╭──
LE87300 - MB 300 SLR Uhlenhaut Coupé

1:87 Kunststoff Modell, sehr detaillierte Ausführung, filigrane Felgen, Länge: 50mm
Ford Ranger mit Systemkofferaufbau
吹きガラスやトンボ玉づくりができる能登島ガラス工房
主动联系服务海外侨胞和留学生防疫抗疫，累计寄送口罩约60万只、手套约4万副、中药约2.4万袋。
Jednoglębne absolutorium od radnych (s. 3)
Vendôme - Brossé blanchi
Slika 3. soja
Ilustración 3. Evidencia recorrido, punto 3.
╰──
╭──
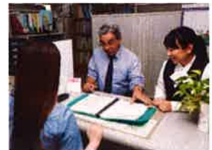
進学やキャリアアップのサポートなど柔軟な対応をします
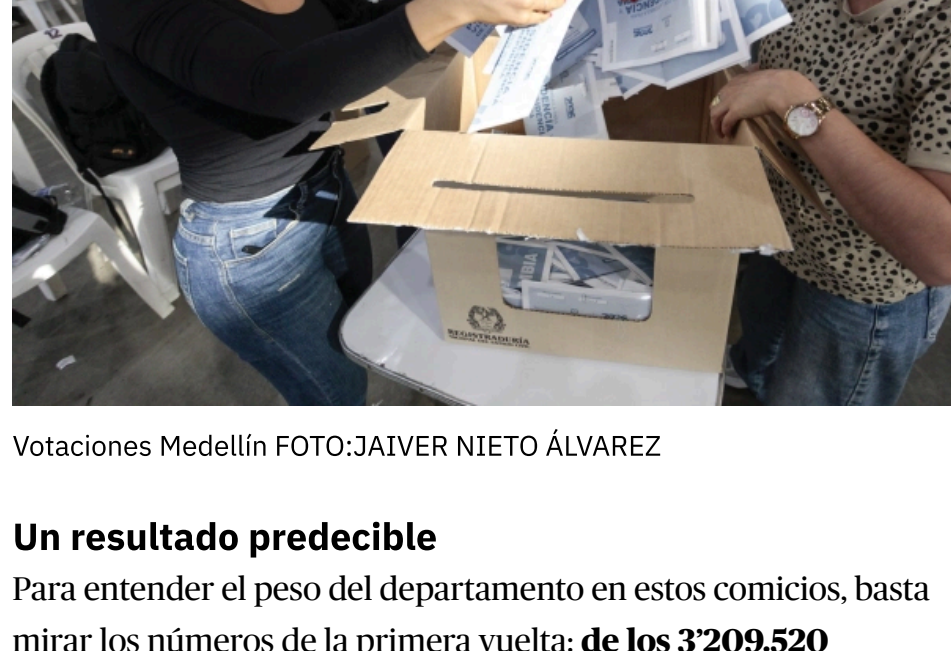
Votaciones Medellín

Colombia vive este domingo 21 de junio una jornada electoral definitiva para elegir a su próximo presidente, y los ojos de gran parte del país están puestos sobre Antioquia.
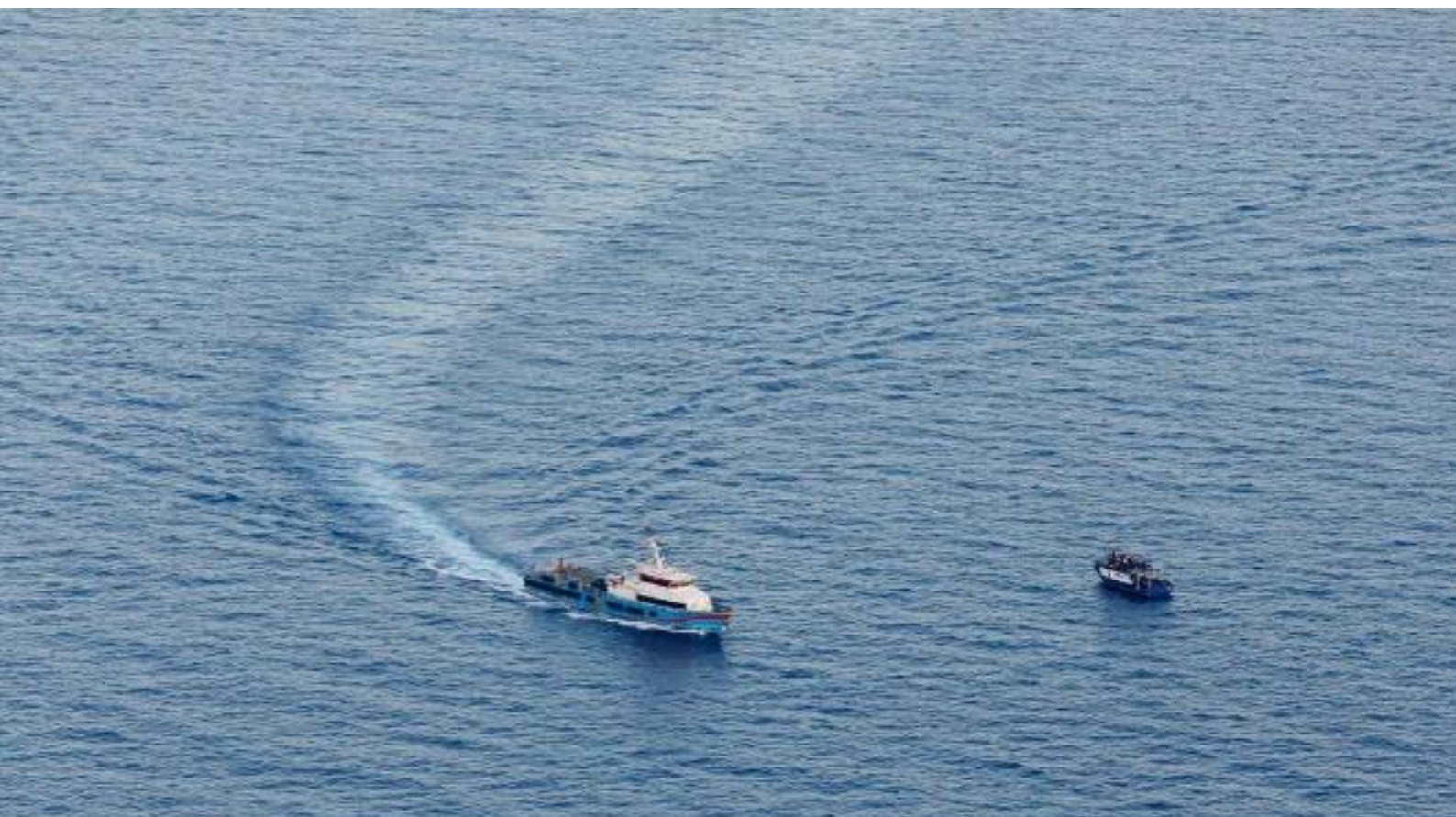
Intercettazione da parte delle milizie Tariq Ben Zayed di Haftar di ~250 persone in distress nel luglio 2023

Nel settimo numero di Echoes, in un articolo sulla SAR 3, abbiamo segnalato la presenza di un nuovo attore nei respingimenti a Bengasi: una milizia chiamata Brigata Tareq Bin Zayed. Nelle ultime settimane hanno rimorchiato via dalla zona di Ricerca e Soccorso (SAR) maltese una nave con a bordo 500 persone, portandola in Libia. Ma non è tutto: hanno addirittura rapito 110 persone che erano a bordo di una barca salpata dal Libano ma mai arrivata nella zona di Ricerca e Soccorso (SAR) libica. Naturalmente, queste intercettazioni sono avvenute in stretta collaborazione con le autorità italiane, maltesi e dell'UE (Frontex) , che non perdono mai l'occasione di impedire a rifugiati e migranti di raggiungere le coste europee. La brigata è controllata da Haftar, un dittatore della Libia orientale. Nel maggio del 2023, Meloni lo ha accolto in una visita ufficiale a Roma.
╰──
**ACTIVITY**
Exact copy, pictures excluded: every line above from the one containing "進学やキャリアアップのサポートなど柔軟な対応をします" to the one containing "Intercettazione da parte", inclusive, and nothing more.

**ANSWER SPACE**
進学やキャリアアップのサポートなど柔軟な対応をします
Votaciones Medellín

Colombia vive este domingo 21 de junio una jornada electoral definitiva para elegir a su próximo presidente, y los ojos de gran parte del país están puestos sobre Antioquia.
Intercettazione da parte delle milizie Tariq Ben Zayed di Haftar di ~250 persone in distress nel luglio 2023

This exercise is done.